++++ Supplied records ++++

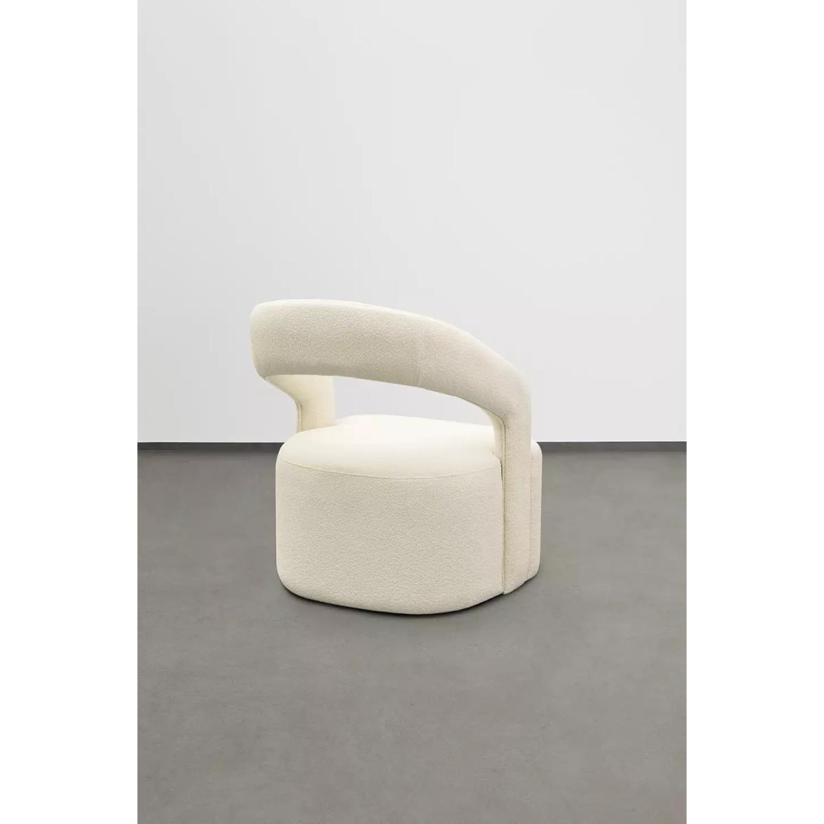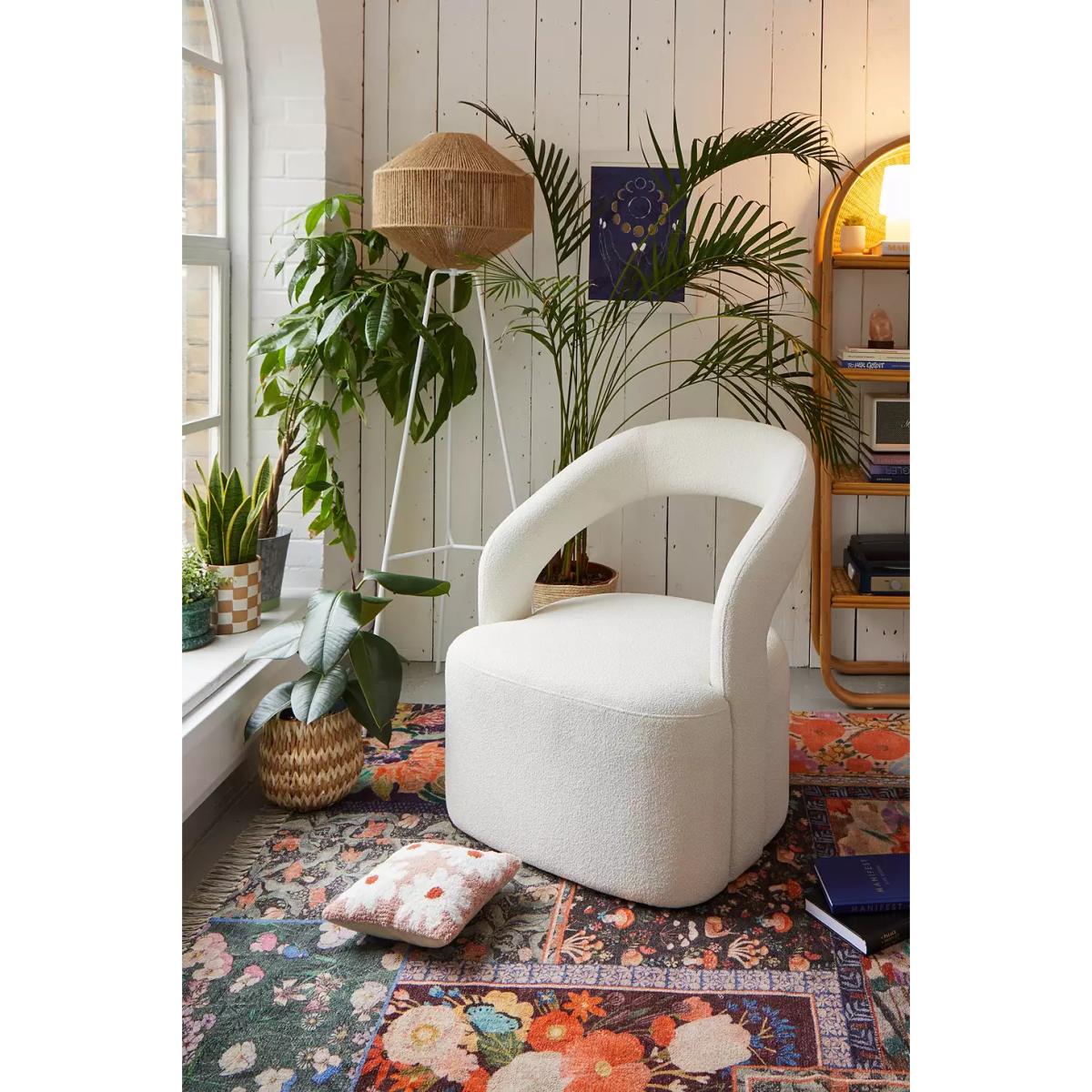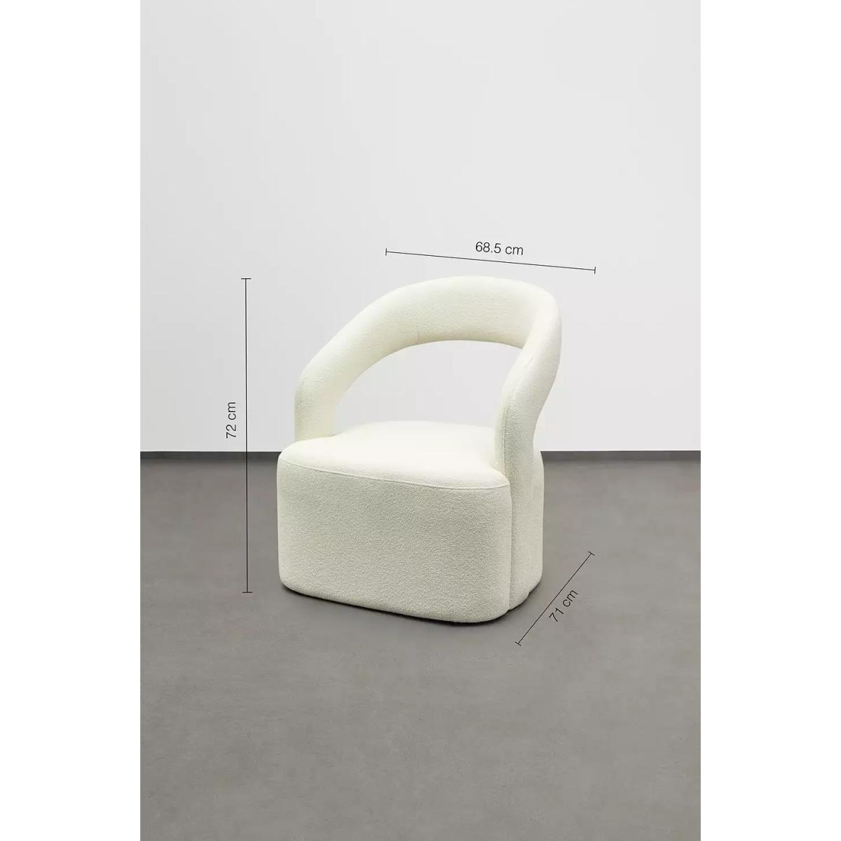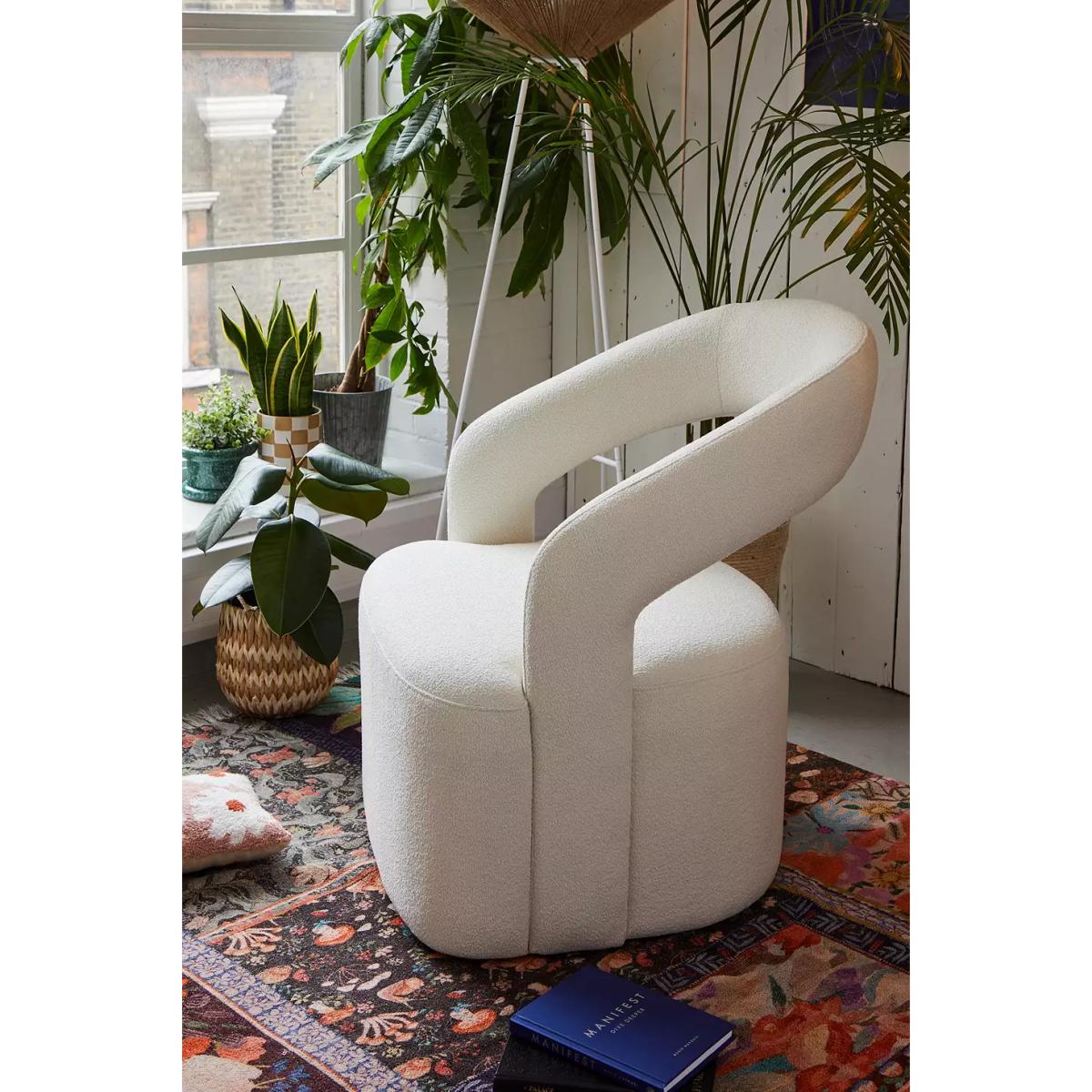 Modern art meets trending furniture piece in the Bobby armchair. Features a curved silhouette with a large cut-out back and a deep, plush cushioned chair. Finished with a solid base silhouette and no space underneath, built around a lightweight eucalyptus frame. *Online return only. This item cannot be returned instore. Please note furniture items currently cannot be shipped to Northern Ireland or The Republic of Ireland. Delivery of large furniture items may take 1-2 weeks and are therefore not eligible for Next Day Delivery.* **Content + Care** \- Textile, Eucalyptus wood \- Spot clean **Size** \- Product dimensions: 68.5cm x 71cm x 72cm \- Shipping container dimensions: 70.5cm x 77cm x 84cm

++++
++++ Supplied records ++++

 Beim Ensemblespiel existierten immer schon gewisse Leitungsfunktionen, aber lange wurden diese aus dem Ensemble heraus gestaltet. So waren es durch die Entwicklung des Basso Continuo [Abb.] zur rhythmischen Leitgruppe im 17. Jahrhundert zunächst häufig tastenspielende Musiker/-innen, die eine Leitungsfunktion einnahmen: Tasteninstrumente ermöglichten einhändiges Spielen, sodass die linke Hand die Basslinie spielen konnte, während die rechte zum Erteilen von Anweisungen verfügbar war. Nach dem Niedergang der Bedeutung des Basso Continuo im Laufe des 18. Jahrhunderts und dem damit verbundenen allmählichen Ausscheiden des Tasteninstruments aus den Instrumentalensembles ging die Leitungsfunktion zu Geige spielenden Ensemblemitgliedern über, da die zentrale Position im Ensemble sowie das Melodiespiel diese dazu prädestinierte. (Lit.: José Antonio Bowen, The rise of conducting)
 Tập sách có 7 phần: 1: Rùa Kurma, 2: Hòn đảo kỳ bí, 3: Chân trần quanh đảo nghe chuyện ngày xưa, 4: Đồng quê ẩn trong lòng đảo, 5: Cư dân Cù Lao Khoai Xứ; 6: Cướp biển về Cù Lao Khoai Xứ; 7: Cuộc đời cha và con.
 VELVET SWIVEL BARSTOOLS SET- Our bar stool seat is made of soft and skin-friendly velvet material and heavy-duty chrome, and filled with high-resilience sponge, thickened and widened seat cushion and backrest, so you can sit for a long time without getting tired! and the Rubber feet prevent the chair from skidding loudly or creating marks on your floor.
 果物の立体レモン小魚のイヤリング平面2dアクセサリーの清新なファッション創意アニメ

++++

- **Work to complete**: Using the material above, transcribe exactly the lines from the line with "VELVET SWIVEL BARSTOOLS" to the line with "果物の立体レモン小魚のイヤリ"; both count, and nothing else goes in.

- **Result**:
 VELVET SWIVEL BARSTOOLS SET- Our bar stool seat is made of soft and skin-friendly velvet material and heavy-duty chrome, and filled with high-resilience sponge, thickened and widened seat cushion and backrest, so you can sit for a long time without getting tired! and the Rubber feet prevent the chair from skidding loudly or creating marks on your floor.
 果物の立体レモン小魚のイヤリング平面2dアクセサリーの清新なファッション創意アニメ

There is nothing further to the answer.